Hartes Training, weiches Herz
Boxer werden, das war der grosse Kindheitstraum von Stephan Bernhard aus Bettlach. Den Segen seiner Mutter bekam er nicht, aber er gab seinen Traum nicht auf. Kaum war die Schulzeit beendet, begann Stephan mit dem Box-Training. Seine Leidenschaft für diesen Sport sollte bald jäh enden – zumindest vorläufig…
Unfall mit Folgen
Nur zwei Saisons lang hatte Bernhard seinen Traum leben können. Damals gerade mal 20 Jahre jung, erinnert er sich an die einschneidende Zeit: «Als Maurer im dritten Lehrjahr hatte ich einen schweren Arbeitsunfall. Dabei erlitt ich einen Schädelbruch und ein Schädel-Hirn-Trauma, schwebte einige Tage zwischen Leben und Tod.» In der Folge musste Stephan seinen Traumsport aufgeben. Das war hart für ihn, er haderte mehrere Jahre mit seinem Schicksal.

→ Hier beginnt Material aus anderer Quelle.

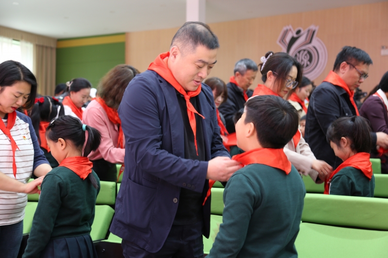 金水區(qū)文源小學(xué)黨支部書(shū)記、校長(zhǎng)黃延穎寄語(yǔ)新隊(duì)員。希望他們從小樹(shù)立遠(yuǎn)大的理想,養(yǎng)成優(yōu)良的品德,培養(yǎng)過(guò)硬的本領(lǐng)。希望他們?cè)诶蠋熀桶职謰寢尩墓餐亲o(hù)下,健康快樂(lè)的成長(zhǎng),早日為中華民族的偉大復(fù)興貢獻(xiàn)力量。

Trotz dieses brutalen Rückschlags lebte der Traum vom Boxen in Stephan weiter. Irgendwann begann er, die Situation zu akzeptieren und seine Möglichkeiten auszuloten. «So kam es, dass ich sehr jung Trainer wurde. Ich bildete mich nicht nur im Boxen ständig weiter, sondern auch im Bereich
Kraft / Athletik», erzählt Stephan. Dabei zeigte sich seine Begabung, das Potenzial in Menschen zu erkennen und sie zu fördern.
Die Berufung gefunden
Aus heutiger Sicht brauchte es die durch den Unfall erzwungene Wende, damit Stephan zur Rolle als Trainer fand. Darin erkannte er seine wahre Berufung, blühte auf und der Erfolg blieb nicht aus: Von 2000 bis 2006 trainierte er Dina Burger, die 2005 WMSilber gewann. Bis 2010 war Stephan zudem Trainer der Schweizer Nationalmannschaft und brachte sich in späteren Jahren als Chef Leistungssport und Prüfungsexperte Trainerbildung für Swissboxing ein.
Sport formt den Charakter
«Boxen im Speziellen und Sport im Allgemeinen reflektieren für mich das richtige Leben», erklärt Stephan und beschreibt dies mit «kämpfen, umfallen, wieder aufstehen, weiterkämpfen…». Wer im Sport längere Zeit hart und diszipliniert trainiere, der schule seinen Charakter und gewinne Kapital fürs Leben. «Durchhaltewillen, Biss und Fairness möchte ich hierbei betonen», sagt Stephan und fügt an: Jeder und jedem, die Menschen einstellen und führen, seien sportbegeisterte Anwärter und Anwärterinnen empfohlen. Wer im Sport durchbeissen kann, der gibt auch im Leben nicht so rasch auf!»
Im Tränenmeer
Glaube und Religion waren in Stephans Herkunftsfamilie kein Thema gewesen. «Ich hatte nie das Gefühl, einen Gott zu brauchen, es ging mir ja gut», kommentiert Stephan. Damals hatte er eine Freundin, die das anders sah. Stephan erzählt: «Als ich einmal in einer schwierigen Lebensphase steckte und meine Freundin um Rat fragte, hatte sie keine Antwort, aber begann von Jesus zu sprechen.» Tief in Stephans Innerem regte sich etwas. Sein verhärtetes Herz wurde weich und erwachte zu neuem Leben. Stephan über dieses unvergessliche Erleben: «Während Stunden konnte ich nicht mehr aufhören, zu weinen und bereute meinen selbstsüchtigen Lebenswandel zutiefst.» Von da an zählten für Stephan Gott und dessen Gedanken über seinem Leben, der Sport wurde zweitrangig.
Philosophie und Liebe
Nach dieser intensiven Gotteserfahrung reiste Stephan nach Kolumbien, um Philosophie zu studieren. In dieser Zeit lernte er seine heutige Frau kennen und wurde Vater. Sechs Jahre später kehrte Stephan mit seiner Familie zurück in die Schweiz. Die Zeit in Lateinamerika bezeichnet er als Training in Sachen Dankbarkeit.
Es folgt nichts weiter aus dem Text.